* _TO DO_
Output nothing but the lines from the beginning of the listing below through the line containing "Ornament Pack Vol", exactly as they stand, without pictures.

DATA START

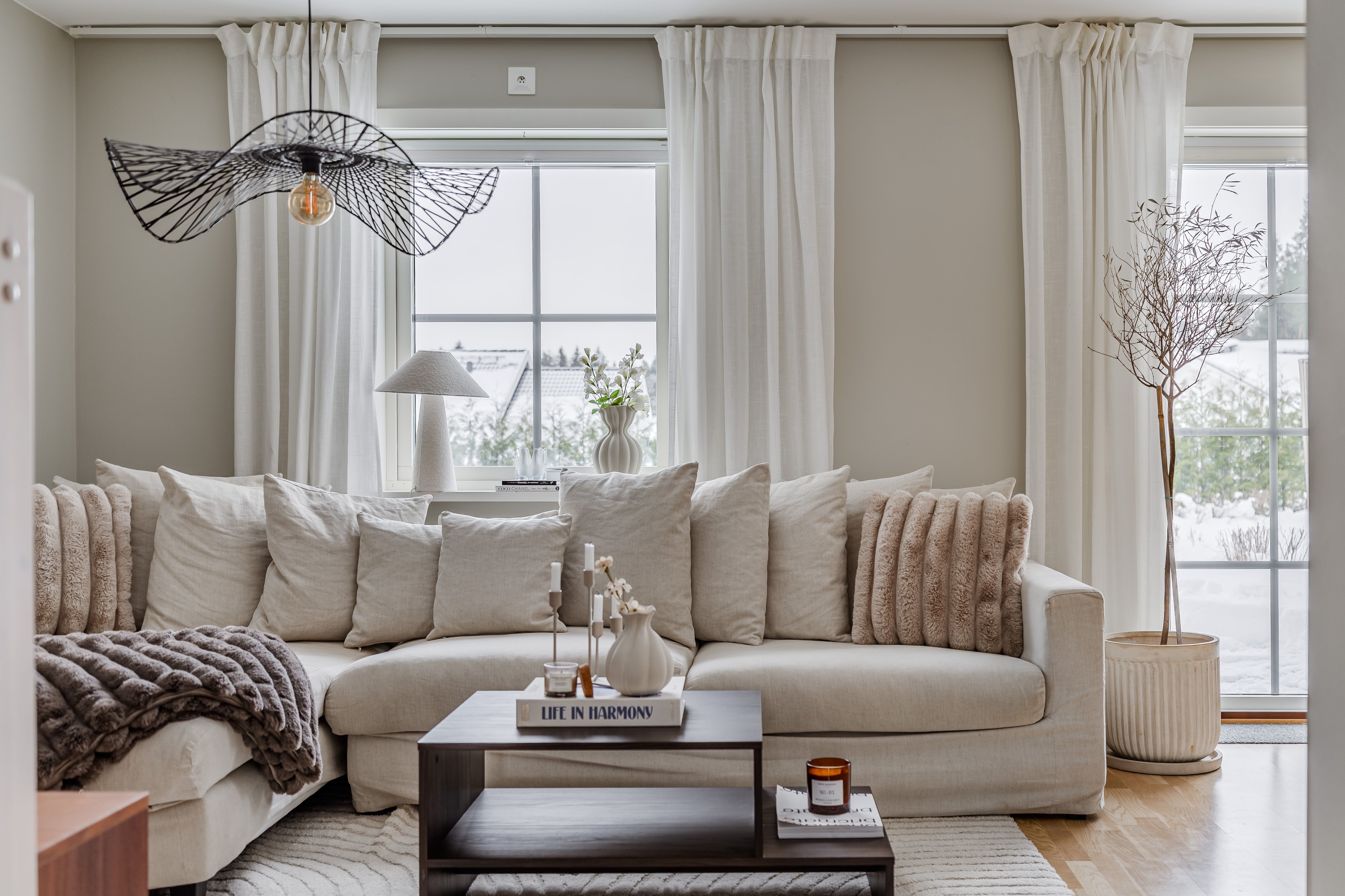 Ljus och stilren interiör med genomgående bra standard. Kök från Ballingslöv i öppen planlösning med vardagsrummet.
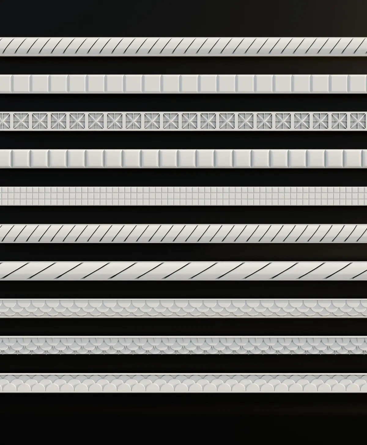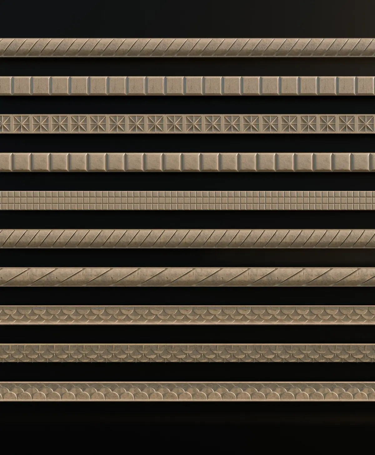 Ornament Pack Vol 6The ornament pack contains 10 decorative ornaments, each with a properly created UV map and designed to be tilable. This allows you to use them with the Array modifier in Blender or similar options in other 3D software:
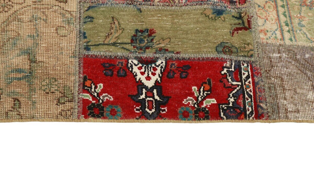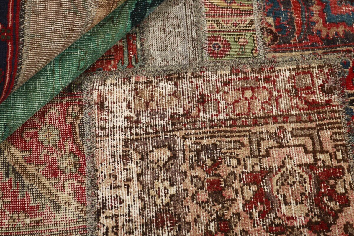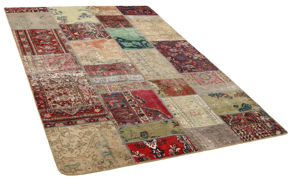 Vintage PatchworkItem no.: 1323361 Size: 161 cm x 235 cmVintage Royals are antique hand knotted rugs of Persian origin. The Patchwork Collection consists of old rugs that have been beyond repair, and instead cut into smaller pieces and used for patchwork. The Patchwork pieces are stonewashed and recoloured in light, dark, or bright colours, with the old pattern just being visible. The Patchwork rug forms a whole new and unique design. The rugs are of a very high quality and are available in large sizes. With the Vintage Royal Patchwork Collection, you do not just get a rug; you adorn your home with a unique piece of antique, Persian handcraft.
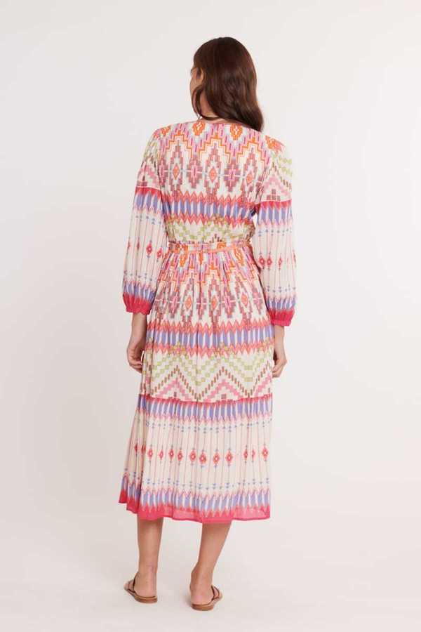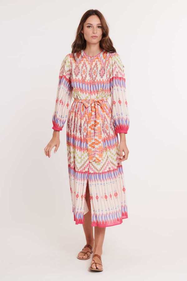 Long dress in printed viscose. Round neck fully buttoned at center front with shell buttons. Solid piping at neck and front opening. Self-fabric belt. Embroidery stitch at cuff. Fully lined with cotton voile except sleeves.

DATA END

* _REPLY TO THE TASK_
 Ljus och stilren interiör med genomgående bra standard. Kök från Ballingslöv i öppen planlösning med vardagsrummet.
 Ornament Pack Vol 6The ornament pack contains 10 decorative ornaments, each with a properly created UV map and designed to be tilable. This allows you to use them with the Array modifier in Blender or similar options in other 3D software:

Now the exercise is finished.